In der Zeit des Zweiten Weltkriegs stellte das vereinigte Unternehmen in erster Linie aufgrund des Schell-Plans vereinheitlichte Lastwagen für die Wehrmacht her, die die Modellbezeichnungen S330 (mit Allradantrieb A330), S3000 (mit Allradantrieb A3000), GS145 und S4500 trugen. Auch Ketten- und Halbkettenfahrzeuge wurden produziert. Ab 1938 wurde aus Humboldt-Deutz die Klöckner-Humboldt-Deutz AG (KHD). 1940 verschwand der Name Magirus vorläufig, die Fahrzeuge aus Ulm wurden unter dem Namen Humboldt-Deutz, später Klöckner-Deutz verkauft. Noch einige Jahre wurde an der Fahrzeugfront allerdings das 1925 eingeführte Magirus-Logo - die stilisierte Spitze des Ulmer Münsters über einem „M“ für Magirus - angebracht. 1944 konstruierten die Ingenieure bei KHD serienreife Dieselmotoren mit Luftkühlung, die ab 1948 in die hauseigenen Lkw, Busse und Feuerwehrautos eingebaut wurden.
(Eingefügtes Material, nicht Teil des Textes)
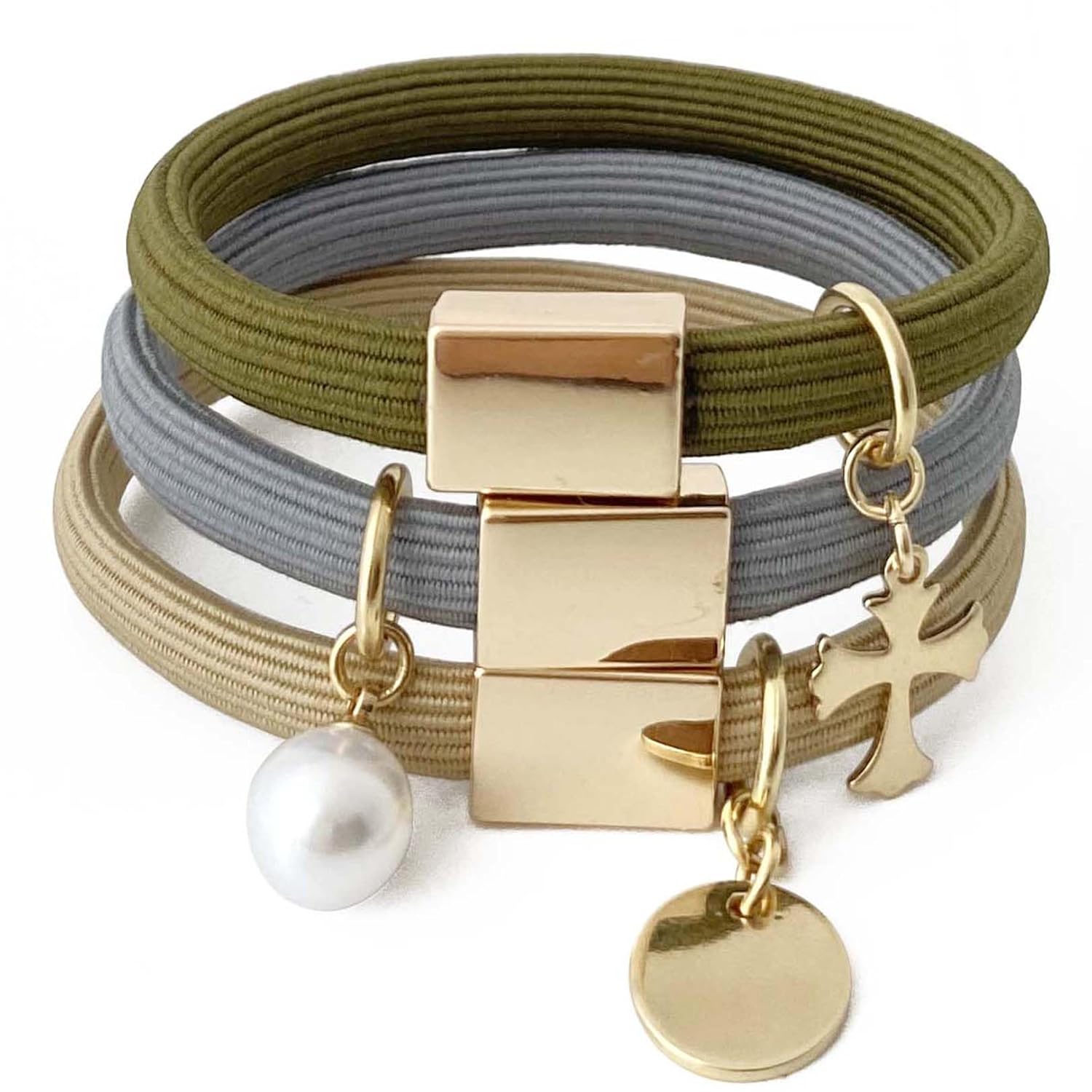 FUNCTIONALITY MEETS ELEGANT STYLE: These versatile hair accessories not only keep hair secure but also double as fashionable bracelets. The pearl and metal pendant add a touch of fashion to your everyday look. Whether you’re at the gym, in the office, or out, these cute hair ties will complement any outfit effortlessly.When not in use, simply wear the bracelet on your wrist for easy access to a hair tie wherever you go. Never worry about misplacing your hair tie again
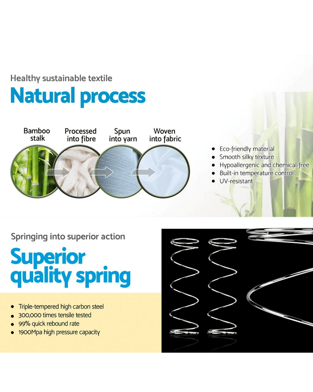 The Giselle Bedding Alanya Series features a 34cm profile with medium-firm support, designed for adaptive comfort. Its 500g bamboo charcoal knitted fabric promotes a fresher sleep environment, while plush Euro Top padding enhances surface cushioning. The mattress core integrates 5-zone pocket springs with independent 6-turn coils for targeted spinal alignment, complemented by high-density foam for lasting structural support. This combination delivers balanced pressure relief tailored to Australian sleep preferences

Ab 1949 lautete der Markenname der von KHD im Ulmer Magirus-Werk produzierten Fahrzeuge Magirus-Deutz. [ mehr Infos ]
*Magirus Rundhauber LKW's
Im Jahr 1951 stellte Magirus-Deutz vollkommen neu gestaltete Lkw vor, für die sich die Namen Rundhauber oder Rundnasen eingebürgert haben. Die Konstruktion der kugeligen „Schnauze“ hob sich deutlich von den Lkw-Modellen der Konkurrenz ab und war nur möglich, weil sich kein großer kastenförmiger Wasserkühler vor dem Motorblock befand. Die Modellbezeichnungen lauteten zunächst S3500, S3500/56, S4500, S4500/6, S4500/112, S5500, S6500 und S7500. Unter diesen Bezeichnungen wurden die Rundhauber ab 1952 verkauft. Da sich in den Hinterachsen der meisten Magirus-Deutz Lastwagen Planetengetriebe befanden, kam man bis 1955 auf den Gedanken, die Fahrzeuge nach Planeten zu benennen. Die Rundhauber behielten daraufhin zwar zunächst ihre Typbezeichnung, diese wurde aber um Planetennamen ergänzt: S4500 Mercur, S4500/6 Mercur, S4500/112 Mercur, S5500 Saturn und S7500 Jupiter. Ab 1958 wurden die Namen abermals geändert auf Sirius (Sirius, Sirius K, Sirius 90L), Mercur (Mercur L, Mercur K, Mercur 112L, Mercur 112K, Mercur 120L, Mercur 120S, Mercur 120K, Mercur 126L, Mercur 126K) und Saturn (Saturn L, Saturn S, Saturn K, Saturn 145L, Saturn 145S, Saturn 145K, Saturn 150K), wobei erwähnt werden muss, dass Sirius kein Planet sondern ein Stern ist.